── Exercise data ──

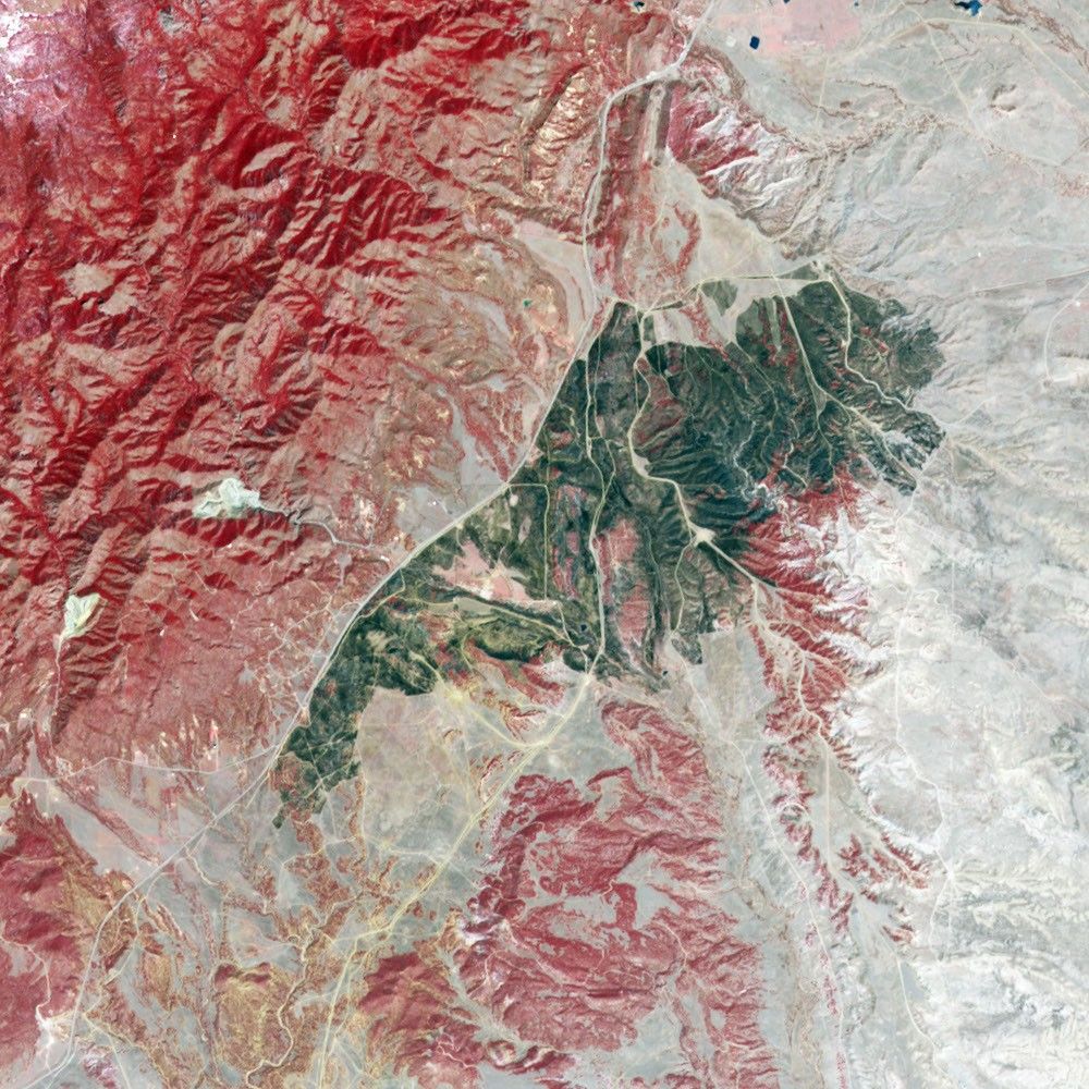 This image of the area burned by the fire was captured by the Advanced Spaceborne Thermal Emission and Reflection Radiometer (ASTER) on NASA’s Terra satellite on April 20, 2008. The area is about 18 kilometers southwest of Fort Carson, in southern El Paso County, Colorado. The image uses visible and infrared light to enhance the differences between vegetation (red), bare ground (gray and beige), and the burned area (charcoal). Highway 115 (gray line running northeast-southwest along western edge of burned area) served as a firebreak, helping firefighters to keep the blaze from spreading into the more rugged terrain to the west.
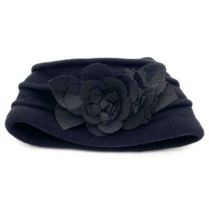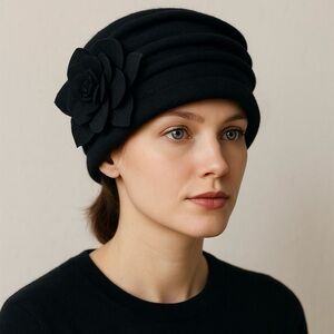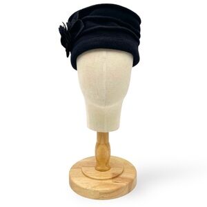 A classic black wool cloche with beautiful vintage details. This style features a softly ruched layered crown and a dimensional felt flower on the side, giving it that timeless 1920s–1950s dress hat feel. Made from soft, warm 100% wool—perfect for winter, holiday outfits, or adding a polished touch to everyday cold-weather looks.
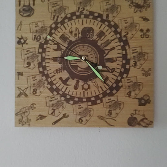 Hand Made Wood, Laser Etched Mechanic Clock, 12" x 12"
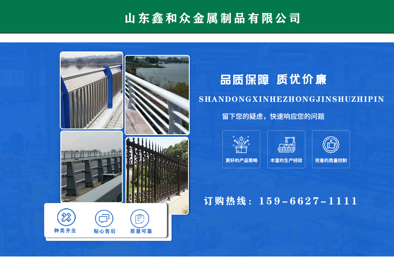 山東鑫和眾金屬制品有限公司主要產(chǎn)品有防撞護(hù)欄,橋梁護(hù)欄,道路護(hù)欄,河道護(hù)欄,不銹鋼護(hù)欄等護(hù)欄。提供設(shè)計方案,一站式定制,包您滿意價格優(yōu)惠,歡迎來電咨詢! 公司常年從事銷售護(hù)欄防撞護(hù)欄,橋梁護(hù)欄,道路護(hù)欄,河道護(hù)欄,不銹鋼護(hù)欄,橋梁鋼護(hù)欄,河道燈光護(hù)欄等。產(chǎn)品廣泛應(yīng)用于橋梁、河道、旅游景區(qū)、道路、公路、公園、小區(qū)、景觀、道路防撞等領(lǐng)域?! 」井a(chǎn)品均采用優(yōu)質(zhì)不銹鋼材料,符合相關(guān)標(biāo)準(zhǔn)。各種型號不銹鋼復(fù)合管及護(hù)欄,質(zhì)量嚴(yán)格把控。產(chǎn)品強度高、耐腐蝕、焊接牢固、抗沖擊、性能好,防撞護(hù)欄結(jié)構(gòu)簡單、美觀實用大方?! g迎前來訂購!...
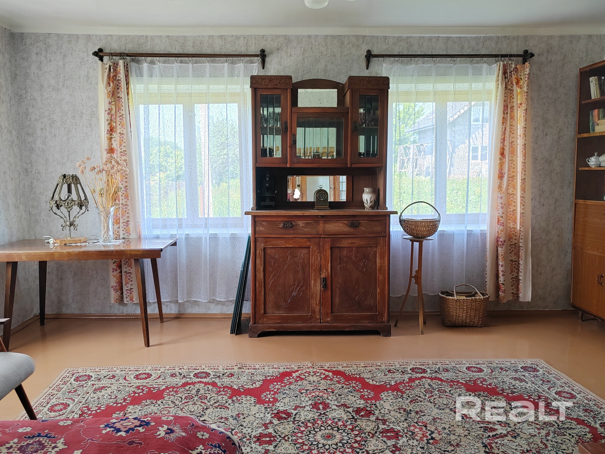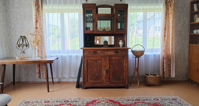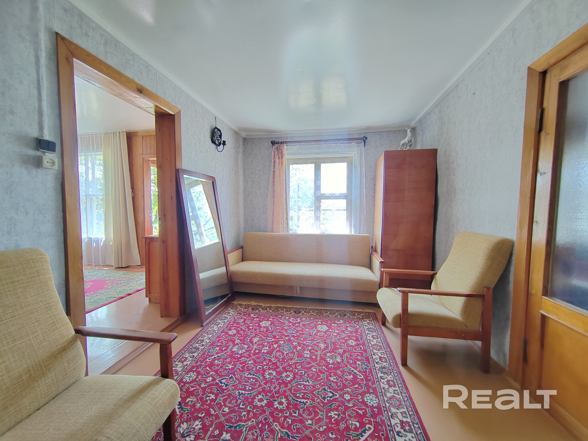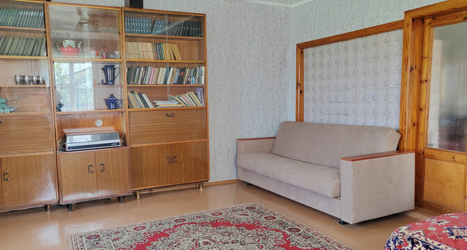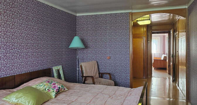 Все комнаты выглядят аккуратно, обставлены деревянной мебелью советских времен.

───

_Your goal_: Once the line containing "Hand Made Wood, Laser" is found, copy it and each line after it through the end of the entries above exactly; nothing else, and no pictures.

_Task output_:
 Hand Made Wood, Laser Etched Mechanic Clock, 12" x 12"
 山東鑫和眾金屬制品有限公司主要產(chǎn)品有防撞護(hù)欄,橋梁護(hù)欄,道路護(hù)欄,河道護(hù)欄,不銹鋼護(hù)欄等護(hù)欄。提供設(shè)計方案,一站式定制,包您滿意價格優(yōu)惠,歡迎來電咨詢! 公司常年從事銷售護(hù)欄防撞護(hù)欄,橋梁護(hù)欄,道路護(hù)欄,河道護(hù)欄,不銹鋼護(hù)欄,橋梁鋼護(hù)欄,河道燈光護(hù)欄等。產(chǎn)品廣泛應(yīng)用于橋梁、河道、旅游景區(qū)、道路、公路、公園、小區(qū)、景觀、道路防撞等領(lǐng)域?! 」井a(chǎn)品均采用優(yōu)質(zhì)不銹鋼材料,符合相關(guān)標(biāo)準(zhǔn)。各種型號不銹鋼復(fù)合管及護(hù)欄,質(zhì)量嚴(yán)格把控。產(chǎn)品強度高、耐腐蝕、焊接牢固、抗沖擊、性能好,防撞護(hù)欄結(jié)構(gòu)簡單、美觀實用大方?! g迎前來訂購!...
 Все комнаты выглядят аккуратно, обставлены деревянной мебелью советских времен.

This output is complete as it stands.